Karst aquifers play a fundamental role in sustaining groundwater-dependent ecosystems (GDEs) through their capacity to deliver large flows and highly buffered thermal regimes via springs. In Mediterranean environments, where hydrological variability and climate-driven extremes are intensifying, these groundwater contributions act as ecological stabilizers that support biodiversity and enhance ecosystem resilience.

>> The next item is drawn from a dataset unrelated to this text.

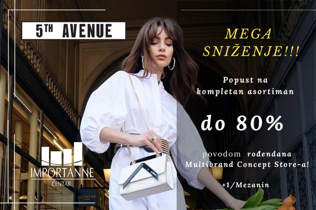 Pored modnih revija popust od 80% na kompletnu kolekciju možete pronaći u 5TH Avenue Multibrand concept storu a u prodavnici sportske odjeće Inn Sport čekaju vas i popusti do 50% na određene artikle a svaki dan u periodu od 19:00 do 23:00 h i 4h besplatnog parkinga!

Drawing on two complementary case studies, this contribution examines how karst groundwater controls thermal and ecological dynamics in surface ecosystems: (i) the Argens River at Châteauvert (France), monitored within the ESTHER project, where the Bouillidoux spring system generates persistent cold-water refuges during summer low flows; and (ii) the Lez karst spring system near Montpellier (France), investigated under the SentinelSprings project initiative as a representative “sentinel” of long-term environmental trends, where the abstraction of water for drinking water supply competes with the river baseflow necessary to sustain aquatic ecosystems.

In both the Argens and Lez study sites, high-frequency monitoring networks were installed, including continuous temperature, electrical conductivity, and dissolved oxygen probes deployed in springs and river reaches. These datasets enable detailed thermal budgets to be established, revealing the mechanisms by which groundwater inflows generate thermal refuges and regulate stream metabolic conditions. The combined analysis of hydrological and thermal signals also supports the development of refined conceptual models that can be used to simulate groundwater–surface water interactions and quantify the potential impacts of climate change on spring-fed thermal regimes and river corridor resilience. These groundwater inputs sustain critical habitats, modulate the sensitivity of river corridors to warming, and provide natural buffering capacities that constitute important nature-based solutions for climate-change adaptation. By linking high-resolution monitoring with hydrogeological conceptualisation, our study advances the understanding of feedback processes between karst groundwater and surface ecosystems, highlighting springs as essential indicators and protectors of ecological stability. This work contributes to improving the identification, assessment and long-term management of GDEs.